Постоянно видя свою фамилию в газетах, когда речь шла о знаменитых людях, находившихся на смертном одре, он чувствовал, что и сам становится знаменитым.
Лартуа направился в переднюю, надел шубу, поданную лакеем, натянул на красивые холеные руки замшевые перчатки и направился к черному лимузину, стоявшему у подъезда.
Несколько минут спустя сиделка прошла по длинному коридору и постучала в дверь, которая вела на половину госпожи де Ла Моннери. Не услышав ответа, она постучалась вторично.
— Войдите, — раздался нетерпеливый голос.
Госпожа де Ла Моннери сидела за столом, на котором лежали цветные карандаши и стояли баночки с красками, и лепила из хлебного мякиша куколок, а затем одевала их в платья из серебряной бумаги. Ее бархатный, подбитый ватой халат ниспадал на пол.
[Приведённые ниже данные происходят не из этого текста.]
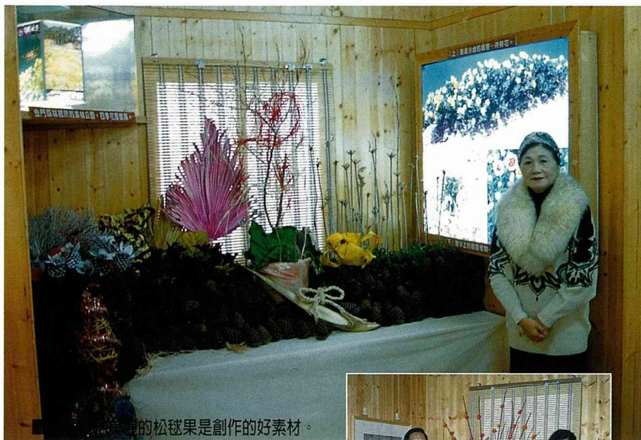
金門的松毬果是創作的好素材。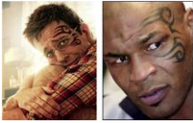
The Hangover Part II – Warner Bros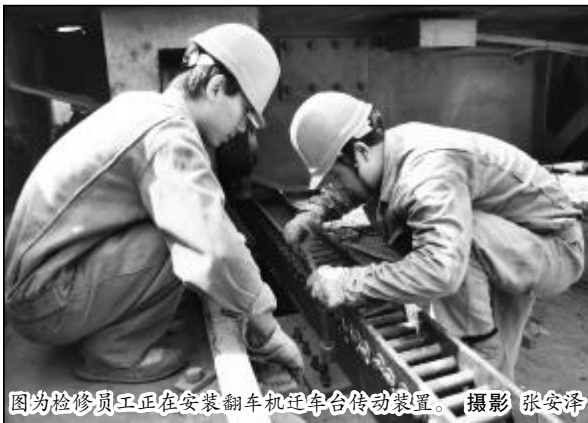
图为检修员工正在安装翻车机迁车台传动装置。

二期翻车机系统改造工程是中铝山西分公司的重点工程,改造完成后将进一步提高翻车机生产能力,减轻员工劳动强度,降低物料倒运费。参加施工的检修分厂高度重视,为确保系统改造高水平、高质量按时完成,根据分公司工程管理部的要求,积极提供工程电力保证,全力以赴服务整体工程的拆除和修复。在机械传动部分改造中,机械制造一车间积极配合,承担了减速机轴及对轮等加工任务,确保了施工进度。在迁车台滚轮改造齿条传动中,检修车间根据现场检查测量,提出利用原有底座加工改造方案,确保了工程的顺利进行。(贾辉)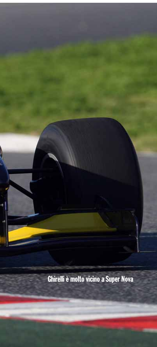
Chirelli è molto vicino a Super Nova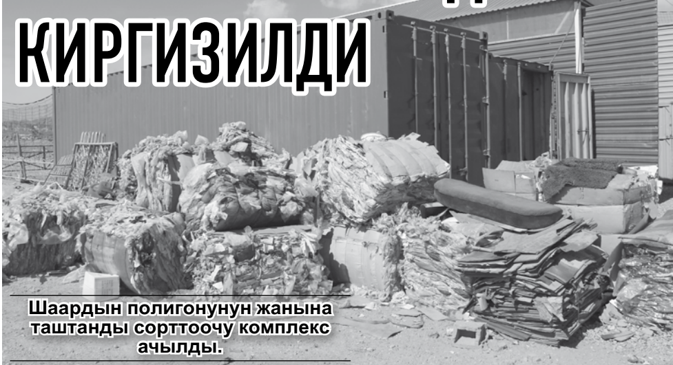
Шаардын полигонунун жанына таштанды сорттоочу комплекс ачылды.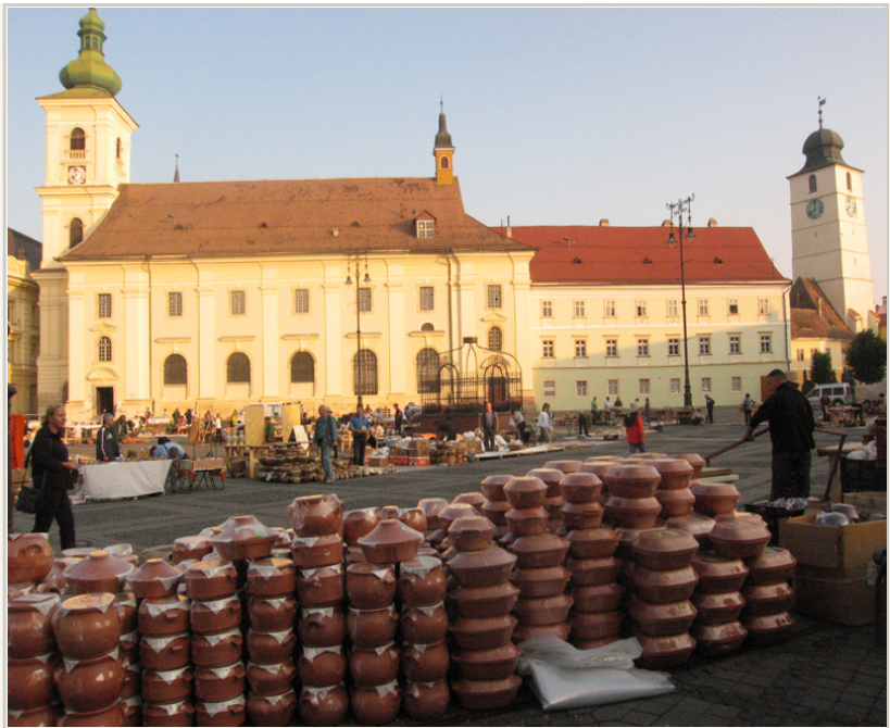
• 西畢烏廣場上的攤販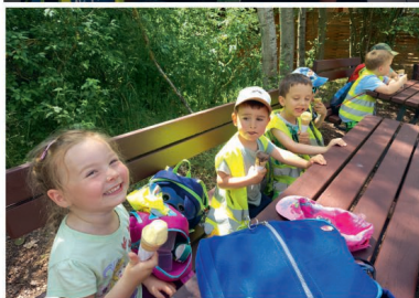
4x foto: Výlet do Fajnparku

Po cestě zpátky už nás po celém dnu bolely nožičky, ale zvládli jsme to a na nádraží už na nás čekal vlak do Lovčic. Počasí nám přálo, sluníčko celý den hezky hrálo a děti zažily den plný zábavy, pohybu a mnoha zážitků.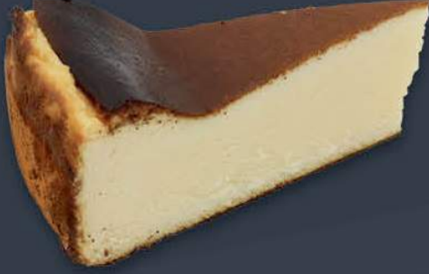
Yanık Bask Cheesecake 1,750 gr (145 gr x 12 dilim) x 9 adet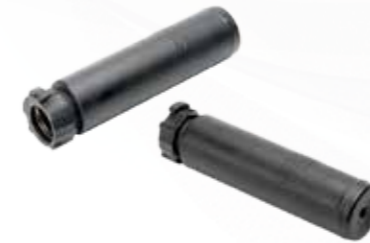
Suppresse urs كواتم الصوت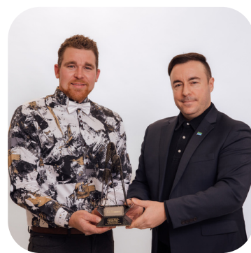
SOMMET VRAIMENT BEAUCE LES FESTIVITÉS WESTERN DE SAINT-VICTOR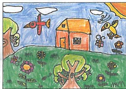
彰化縣 大嘉國小 五年乙班 蔡博宇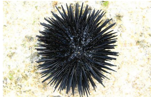
شکل ۳: نمونه‌های زنده (راست) و تثبیت شده (چپ) گونه Echinometra mathaei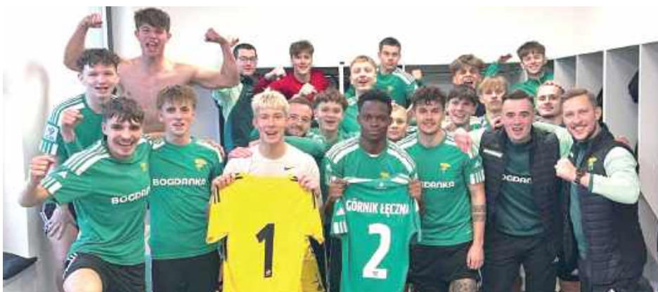
Łącznienie wywieźli trzy punkty z boiska w Opolu Lubelskim

- Cieszymy się z trzech punktów. Tydzień temu musieliśmy

Пышные седые волосы были чуть подкрашены слабым раствором синьки.
— Слушаю вас, сестра, — сказала она. — Говорите громче.
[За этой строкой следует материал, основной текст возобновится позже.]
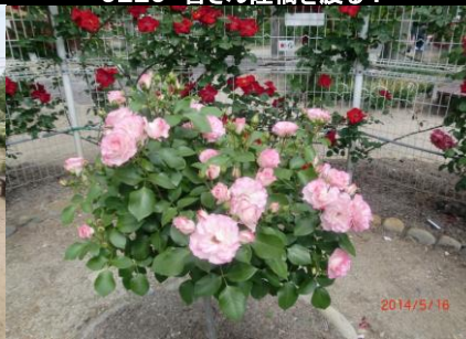
9235 ピンクの薔薇 綺麗！！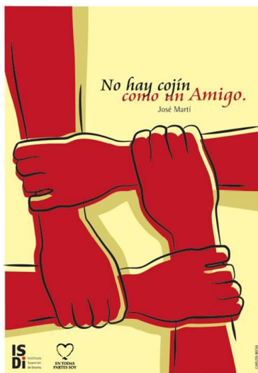
Imagen 4 Autor: Carlos Mesa

El impacto social del proyecto está dado por lo que ha representado de crecimiento espiritual para sus integrantes, así como el aporte a las comunidades, llegar desde la universidad a otras instituciones y territorios e incluso a eventos de carácter internacional que han podido apreciar diseños de carteles desde una visión de la figura y el pensamiento martiano, con la frescura y el atrevimiento de los jóvenes, pero siempre con el respeto y la veneración por el más universal de los cubanos. Desde la poesía y el diseño se aporta una mirada nueva, a veces atrevida, pero siempre respetuosa y consecuente con las ideas del Apóstol.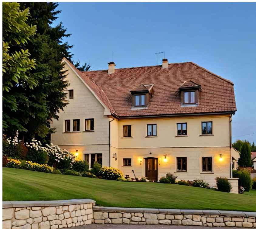
Beispiel nach Fertigstellung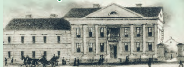
Ilustracja z książki - Zakład Fabryczny Feslera

Ukończył gimnazjum w Piotrkowie Trybunalskim i wybrał karierę urzędnika gubernialnego w Warszawie, a potem był zarządcą na kolei. Oskar Flatt poza pracą zawodową był przede wszystkim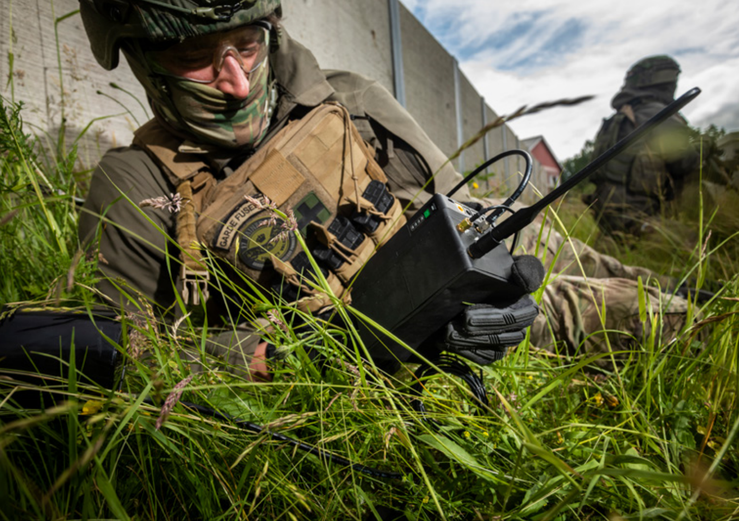
CEMA-oefening in Marnewaard. Om als krijgsmacht optimaal van de vele mogelijkheden van het cyber- en informatiedomein gebruik te kunnen maken zijn meerdere innovatieve perspectieven nodig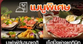
เมนูพิเศษ นูฟฟัดนาชาติ เซ็ตบั้งย่างยากินุ

พุทโศกะ-วัดนินโซอิน-หมู่บ้านยูฟูอิน-แบบบุ-บ่อนรกจิกุ-แซ่ออนเซ็น-ช้อปิ้งเทนจิน-พักใกล้แหล่งช้อปิ้ง2คืน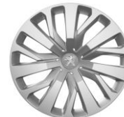
RUEDA 16" CON EMBELLECEDOR RAKIURA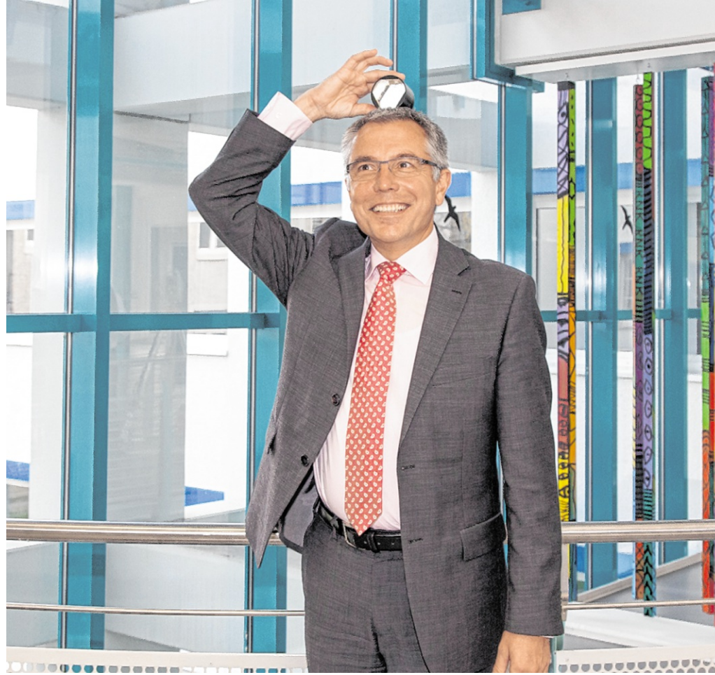
In all den Jahren kam bei allem Ernst auch der Spaß nicht zu kurz, wie dieser Schnappschuss aus dem Jahr 2014 anlässlich des Tags der offenen Tür im Landratsamt Sinsheim zeigt.

Im Bereich der Mobilität hat der Kreis unter Landrat Dallinger seine Rolle als aktiver Gestalter deutlich ausgebaut. Mit der Fortschreibung von Nahverkehrs- und Radverkehrskonzepten, der Einführung neuer Regiobuslinien ab 2019 sowie der kontinuierlichen Förderung

— Сударыня, ваша племянница поручила мне… — начала монахиня.
— Ах, моя племянница? — произнесла старая дама, резко передернув плечами.
Выслушав монахиню, госпожа де Ла Моннери заявила с каменным выражением лица:
— При жизни он легко обходился без меня, отлично обойдется и перед смертью. Он причинил мне немало огорчений.
Затем добавила:
— Дочь уже предупредили?
— Да, сударыня, утром ей послали телеграмму.
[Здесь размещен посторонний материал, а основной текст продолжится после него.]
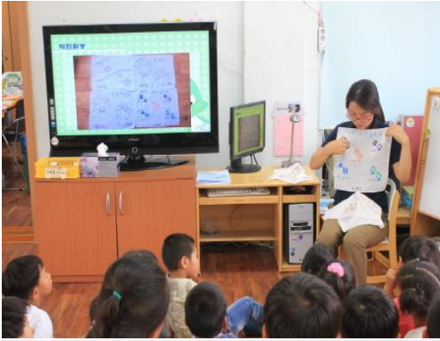
(운영사진_손수건 꾸미는 방법 설명)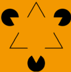
Il triangolo di Kanizsa

Ai partecipanti sarà data in omaggio una stampa botanica tratta dall'erbario Hoertus Eystettensis di B. Besler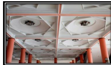
Langit-langit Masjid Kampus UGM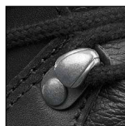
HAIX® 2-Zone Lacing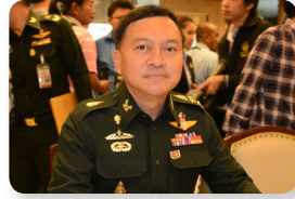
พล.อ. นิพัทธ์ ทองเล็ก ลำดับที่ ๐๖๙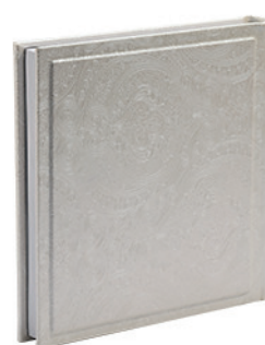
טרויה לבן פיתוחי פייזלי Troya_8836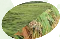
▲ 風水害・雨害湿潤害 台風10号による倒伏・穂発芽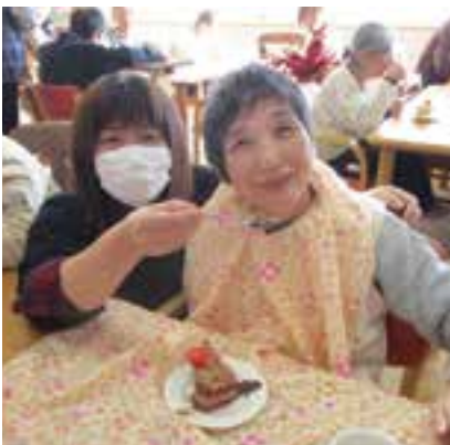
▲クリスマス会でのおやつ時の介助場面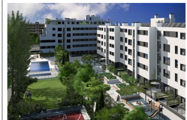
VISTA DEL INTERIOR DE LA URBANIZACIÓN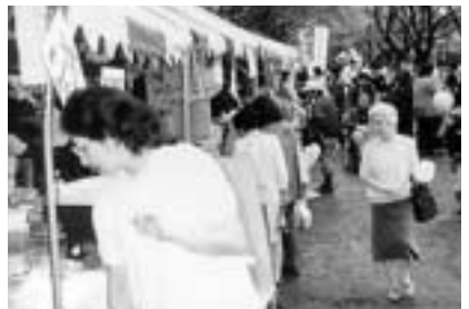
福祉団体などによる模擬店

日(日)午前10時～午後3時(小雨決行) 会場 富士森公園 問い合わせ ボランティアセンター(485776) リサイクルと映画会 リサイクルや環境に関するゲームと映画、バグタイムの上映を行います。日時 5月26日(日)午後2時～4時30分 会場 あつたかホール 564126 定員 200名(先着順) 費用 無料 申し込み 不要、直接会場へ シアター川口 作品 「自転車泥棒」 監督 ビットリオネシカ 日時 6月2日(日)午前10時～11時30分、午後2時～3時30分 会場 川口公民館 548450 定員 70名(先着順) 費用 無料 申し込み 不要、直接会場へ みなみ野まつり2002 内容 地域の団体や大学などによる作品の展示やイベント大会、フリーマーケットなど 日時 5月26日(日)午前10時～午後4時(小

— Значит, все идет как полагается, — заключила супруга поэта.
И она возвратилась к своим танцовщицам и пастушкам величиною с ноготок.
А в это время на первом этаже, в кухне, сидел, уронив руки на колени, старый лакей, в тот день облачившийся в поношенные брюки хозяина дома. Он то и дело вставал и подходил к приглушенно звонившему телефону (в аппарат был предусмотрительно заложен лоскут материи) или отпирал входную дверь, чтобы впустить запоздалого посетителя, желавшего оставить визитную карточку и осведомиться о состоянии больного. Эти ночные визиты были последним отблеском полувековой литературной славы Жана де Ла Моннери.
Заплаканная кухарка приготовляла легкий ужин — «ведь не могут же братья господина графа сидеть всю ночь без еды!»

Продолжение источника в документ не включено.